SOURCE DATA: Begin
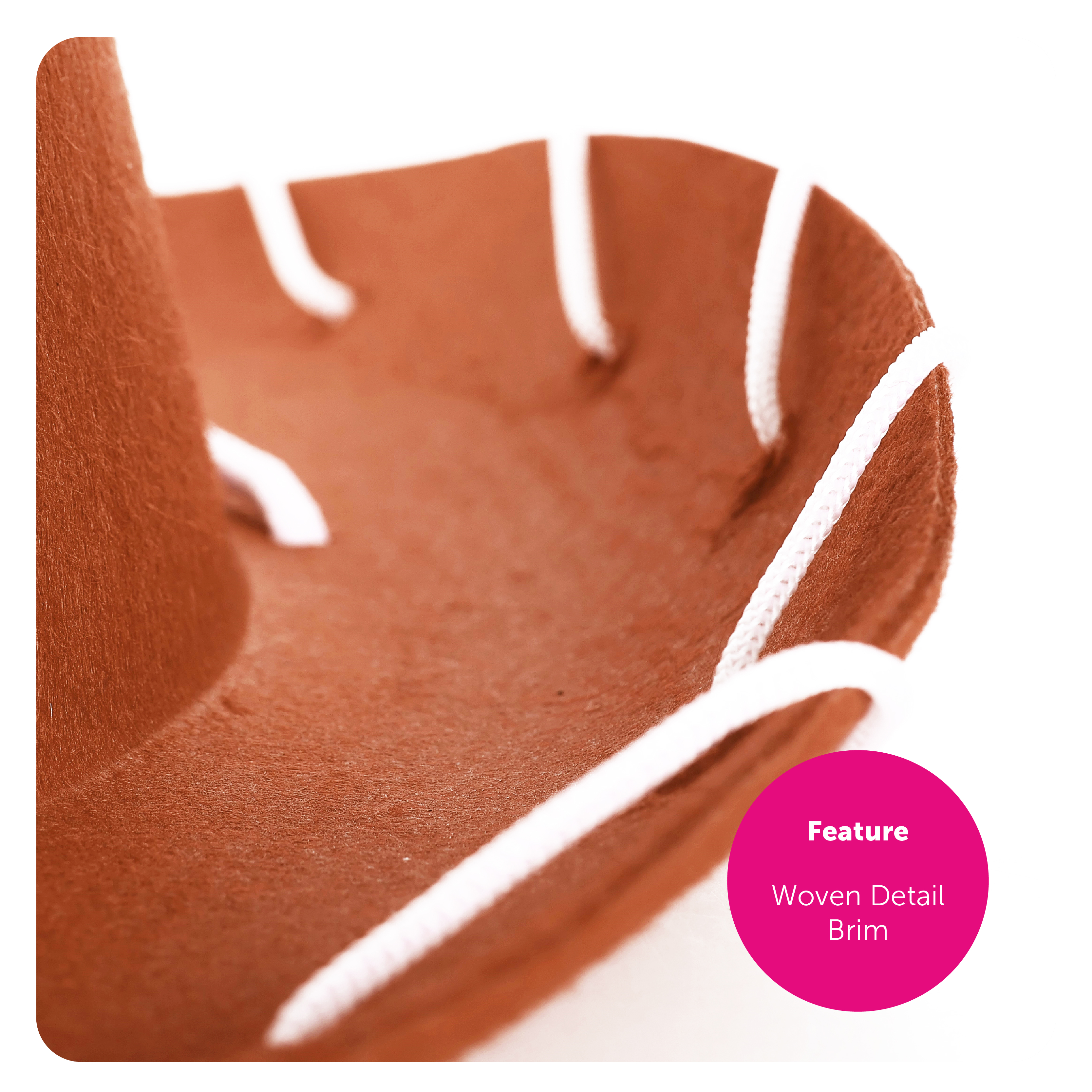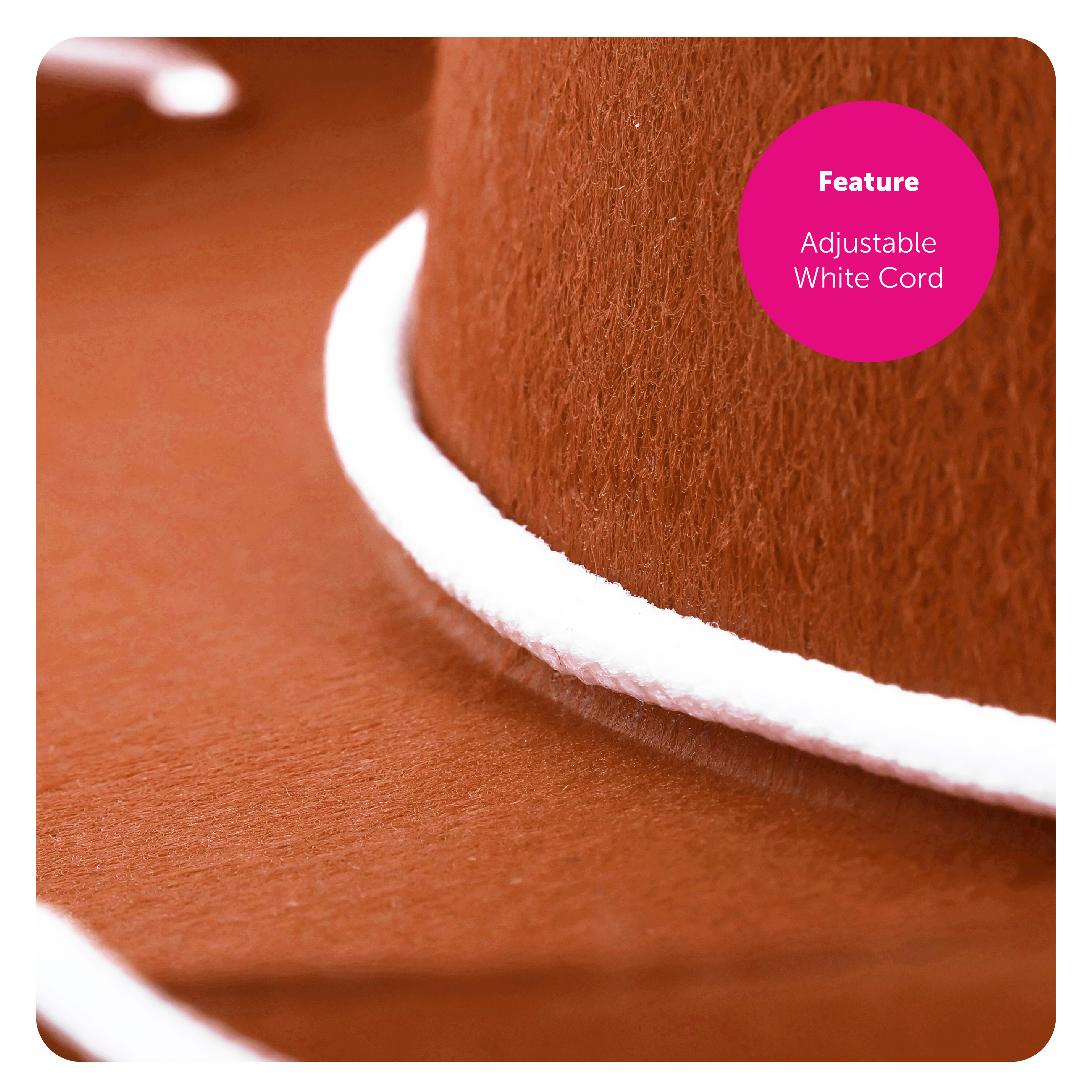 HAT DETAILS: The Child's Cowboy Hat is a sturdy Brown felt Cowboy Hat with thin White Rope woven around the brim and an adjustable White Cord for the perfect fit!
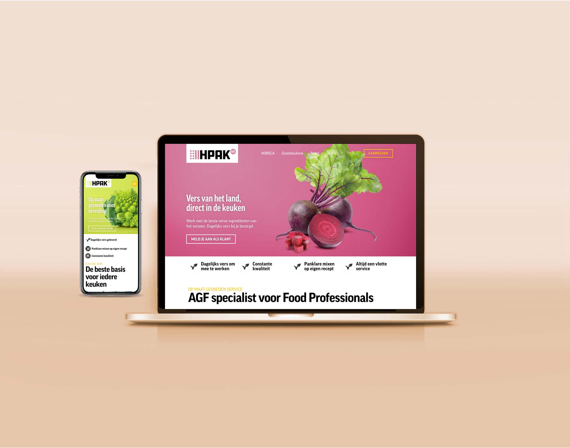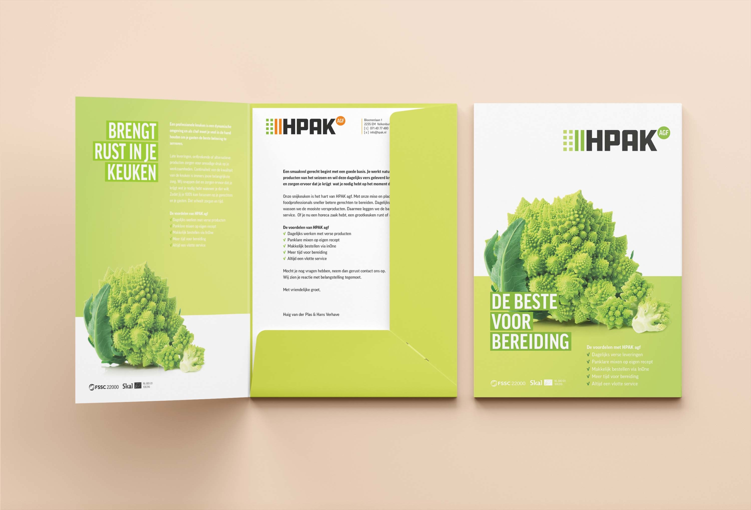 HPAK agf is een groente en fruit leverancier voor food professionals, horeca, retail en groothandel. Als specialist in het preparen van panklare op maat gesneden ingrediënten voor direct gebruik in de keuken bedienden zij voornamelijk grootkeukens en industriële maaltijdproducten. HPAK agf wil deze propositie en dienstverlening uitbreiden naar de horeca. Om deze nieuwe markt beter te bereiken was het tijd om de visuele identiteit en de dienstverlening van het bedrijf beter aan te laten sluiten bij deze nieuwe markt.
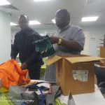 Mwanafunzi Rashid Sudi, akiwa amebeba kifaa cha kutambua iwapo gesi imepungua katika vifaa vya kuhifadhia, wa pili kulia ni Naibu Katibu Mkuu Fedha na Mipango, Dkt. Khatibu Kazungu akishuhudia.
SOURCE DATA: End
Each line, from the beginning of the listing to the line bearing "HPAK agf is" inclusive, should be copied exactly; the pictures stay out.

 HAT DETAILS: The Child's Cowboy Hat is a sturdy Brown felt Cowboy Hat with thin White Rope woven around the brim and an adjustable White Cord for the perfect fit!
 HPAK agf is een groente en fruit leverancier voor food professionals, horeca, retail en groothandel. Als specialist in het preparen van panklare op maat gesneden ingrediënten voor direct gebruik in de keuken bedienden zij voornamelijk grootkeukens en industriële maaltijdproducten. HPAK agf wil deze propositie en dienstverlening uitbreiden naar de horeca. Om deze nieuwe markt beter te bereiken was het tijd om de visuele identiteit en de dienstverlening van het bedrijf beter aan te laten sluiten bij deze nieuwe markt.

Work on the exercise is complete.